Prior to the announcement, Illumina shares closed at $ 363.66 yesterday, 2.42% lower than the previous closing. The decline has continued today and the company is already down 15.57% to $ 307.00. Today, Bank of America Merrill Lynch has also lowered the rating of its action from "buy" to "underperforming".

Why do investors panic?

The dramatic fall in Illumina's shares primarily reflects investor concerns about downward revisions to revenue forecasts across all lines of business.

In its press release relating to the second-quarter revenue forecast, Illumina revised down the revenue growth rate of its sequencing business for the previous fiscal year 2019, which was previously from 12% to 10%, while the business growth forecast of the sequencing consumables business has been reduced from 20% to 15%. The Company now expects its Bay operations to experience a 14% year-over-year decline in sales compared to the previous year's previously forecast zero performance. Learn more about the businesses. of Illumina, please see Sequencing of the genome: Illumina's main activity.

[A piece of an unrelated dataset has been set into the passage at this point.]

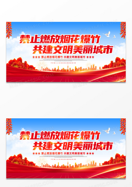 红色禁止燃放烟花爆竹减少城市环境污染展板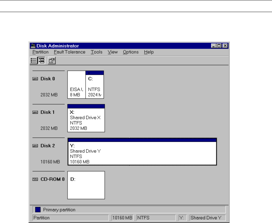 The following example depicts both drives formatted with permanent drive letters assigned.

All this bad news was a shock to investors after a particularly strong performance in the first quarter: Illumina exceeded $ 7.3 million estimate of consensus revenue and $ 0.25 estimate of the BPA consensus. The company traded at a downstream price of 47.41x, a PE of 63.06x and a PEG (PE at growth) of 2.97x. These high multiples are mainly perceived for high growth stocks. Concerns over the company's growth trajectory are prompting investors to question fundamentals supporting high valuation multiples.

The 16 analysts who follow Illumina have an average target price of $ 330, which is lower than the company's closing price yesterday.